Task to carry out.
Leave the pictures out. Retype exactly the lines below from the one containing "El widget te" through the one containing "This luxurious cloak", and no others.

Material provided.
========

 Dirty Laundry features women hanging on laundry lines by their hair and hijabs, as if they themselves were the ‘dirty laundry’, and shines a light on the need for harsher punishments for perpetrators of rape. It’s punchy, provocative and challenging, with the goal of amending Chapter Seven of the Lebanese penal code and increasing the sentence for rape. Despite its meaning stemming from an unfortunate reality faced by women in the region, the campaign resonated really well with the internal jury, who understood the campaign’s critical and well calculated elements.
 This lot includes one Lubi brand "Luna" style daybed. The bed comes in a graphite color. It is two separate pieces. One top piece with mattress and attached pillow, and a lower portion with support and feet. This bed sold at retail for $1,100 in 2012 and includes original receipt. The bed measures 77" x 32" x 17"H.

========

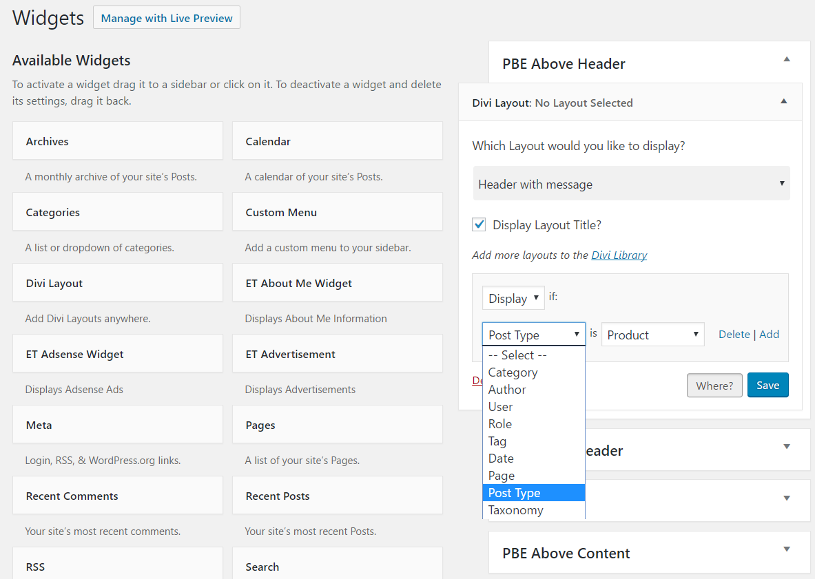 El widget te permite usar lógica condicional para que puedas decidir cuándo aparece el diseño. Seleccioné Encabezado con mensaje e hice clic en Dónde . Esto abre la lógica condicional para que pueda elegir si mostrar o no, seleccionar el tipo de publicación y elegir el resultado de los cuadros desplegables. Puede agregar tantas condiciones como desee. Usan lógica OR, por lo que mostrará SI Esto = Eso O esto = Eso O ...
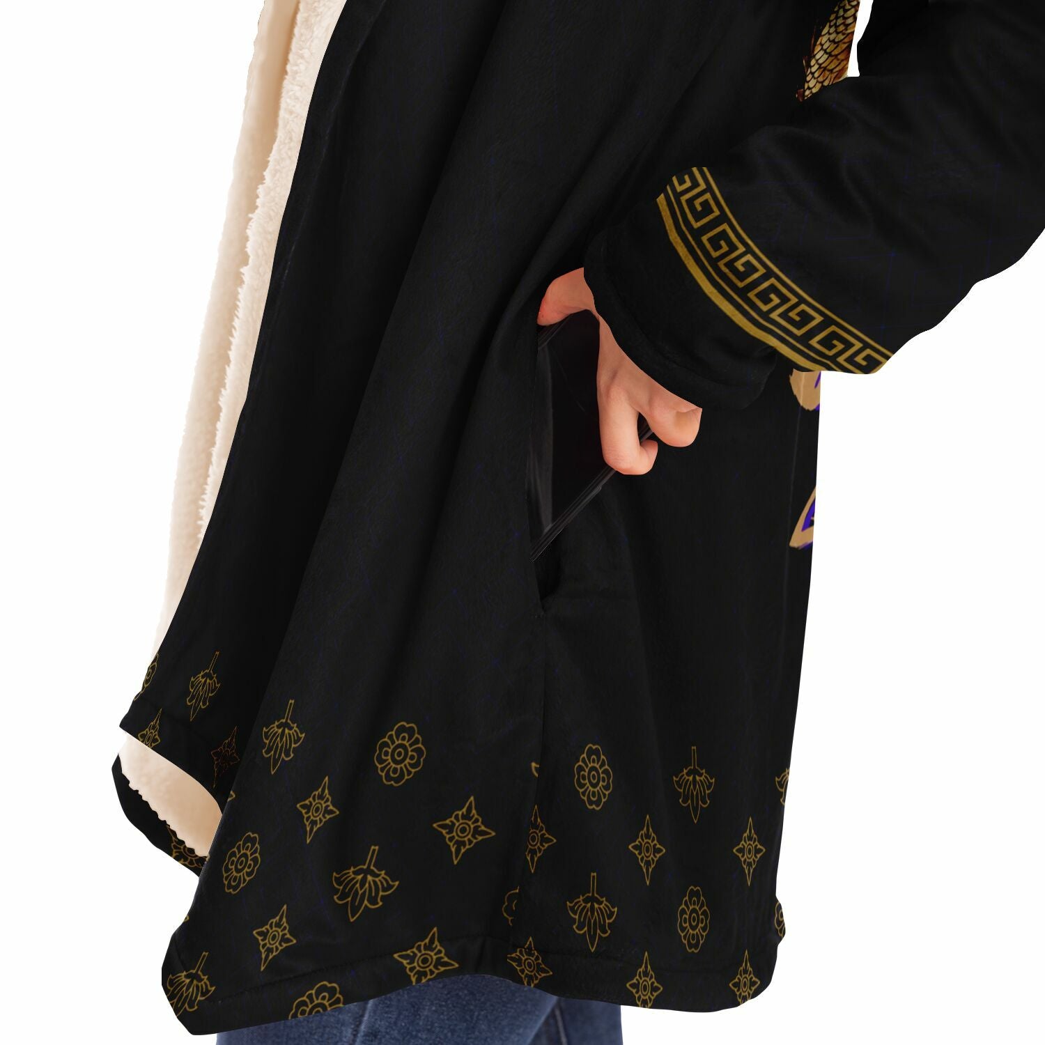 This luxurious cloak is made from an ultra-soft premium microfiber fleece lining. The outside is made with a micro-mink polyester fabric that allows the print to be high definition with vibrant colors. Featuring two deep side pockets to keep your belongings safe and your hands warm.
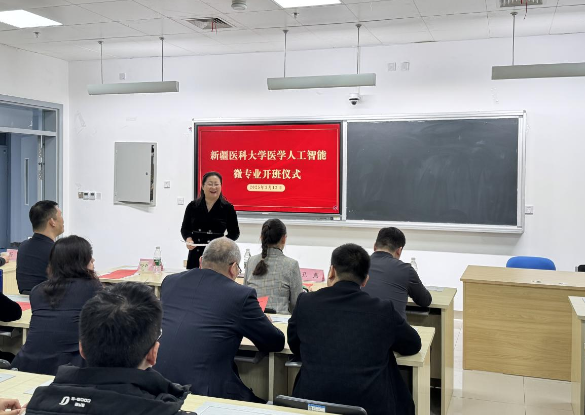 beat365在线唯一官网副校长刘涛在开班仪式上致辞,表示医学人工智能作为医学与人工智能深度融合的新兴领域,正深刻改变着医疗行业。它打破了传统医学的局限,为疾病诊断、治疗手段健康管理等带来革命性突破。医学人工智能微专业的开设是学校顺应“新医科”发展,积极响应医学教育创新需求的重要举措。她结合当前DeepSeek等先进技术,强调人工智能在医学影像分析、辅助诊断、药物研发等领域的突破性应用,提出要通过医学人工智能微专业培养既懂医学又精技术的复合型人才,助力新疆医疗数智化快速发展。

========

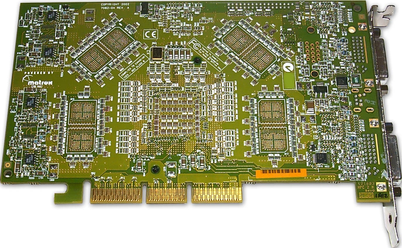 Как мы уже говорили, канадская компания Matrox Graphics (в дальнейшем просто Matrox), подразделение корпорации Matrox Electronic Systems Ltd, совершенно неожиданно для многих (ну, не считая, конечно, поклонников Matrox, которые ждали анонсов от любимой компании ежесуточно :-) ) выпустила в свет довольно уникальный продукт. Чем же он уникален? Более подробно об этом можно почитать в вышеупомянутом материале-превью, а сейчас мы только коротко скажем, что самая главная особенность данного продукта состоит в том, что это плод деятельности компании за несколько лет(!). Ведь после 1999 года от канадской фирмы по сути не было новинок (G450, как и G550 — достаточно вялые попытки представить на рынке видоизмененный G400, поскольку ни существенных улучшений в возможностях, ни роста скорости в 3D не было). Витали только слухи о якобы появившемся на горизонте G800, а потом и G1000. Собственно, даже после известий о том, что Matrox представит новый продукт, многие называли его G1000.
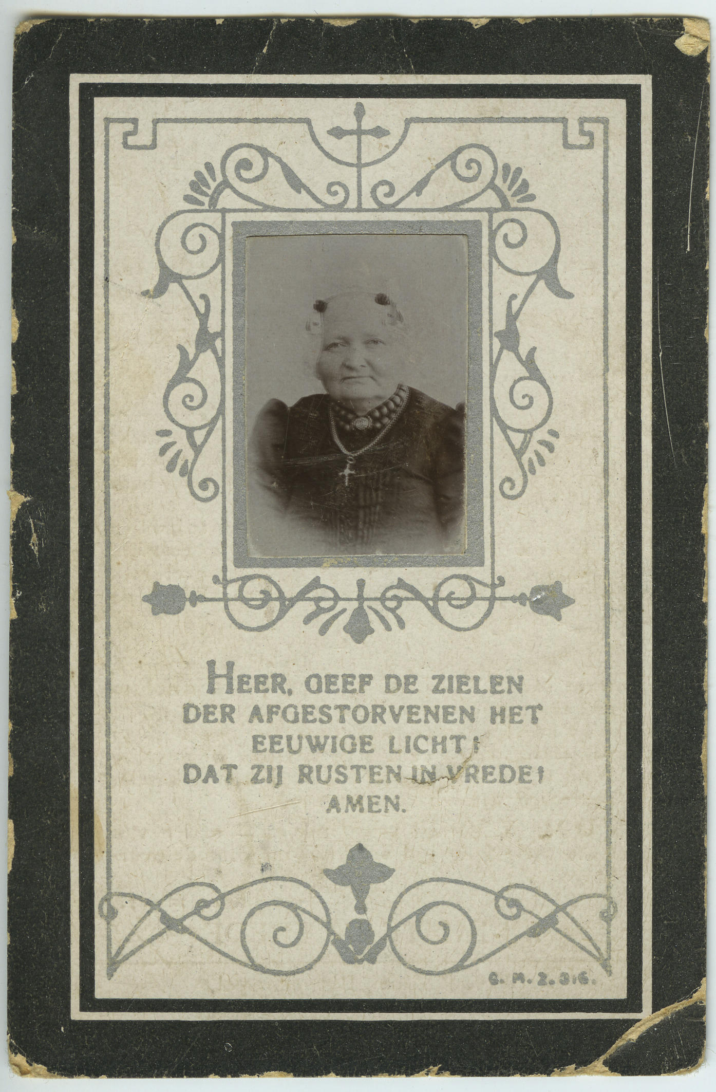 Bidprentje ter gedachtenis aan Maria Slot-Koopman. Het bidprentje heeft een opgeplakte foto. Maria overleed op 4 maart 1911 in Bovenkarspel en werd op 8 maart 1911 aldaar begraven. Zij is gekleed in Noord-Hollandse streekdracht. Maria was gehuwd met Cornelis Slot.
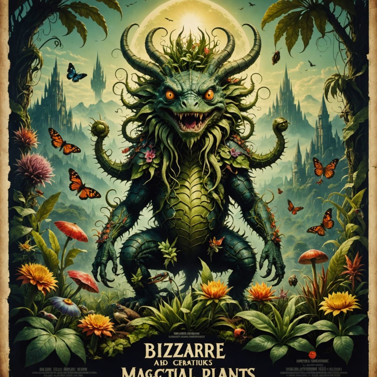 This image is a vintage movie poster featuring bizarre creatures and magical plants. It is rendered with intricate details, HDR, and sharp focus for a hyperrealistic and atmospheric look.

========

Result.
 El widget te permite usar lógica condicional para que puedas decidir cuándo aparece el diseño. Seleccioné Encabezado con mensaje e hice clic en Dónde . Esto abre la lógica condicional para que pueda elegir si mostrar o no, seleccionar el tipo de publicación y elegir el resultado de los cuadros desplegables. Puede agregar tantas condiciones como desee. Usan lógica OR, por lo que mostrará SI Esto = Eso O esto = Eso O ...
 This luxurious cloak is made from an ultra-soft premium microfiber fleece lining. The outside is made with a micro-mink polyester fabric that allows the print to be high definition with vibrant colors. Featuring two deep side pockets to keep your belongings safe and your hands warm.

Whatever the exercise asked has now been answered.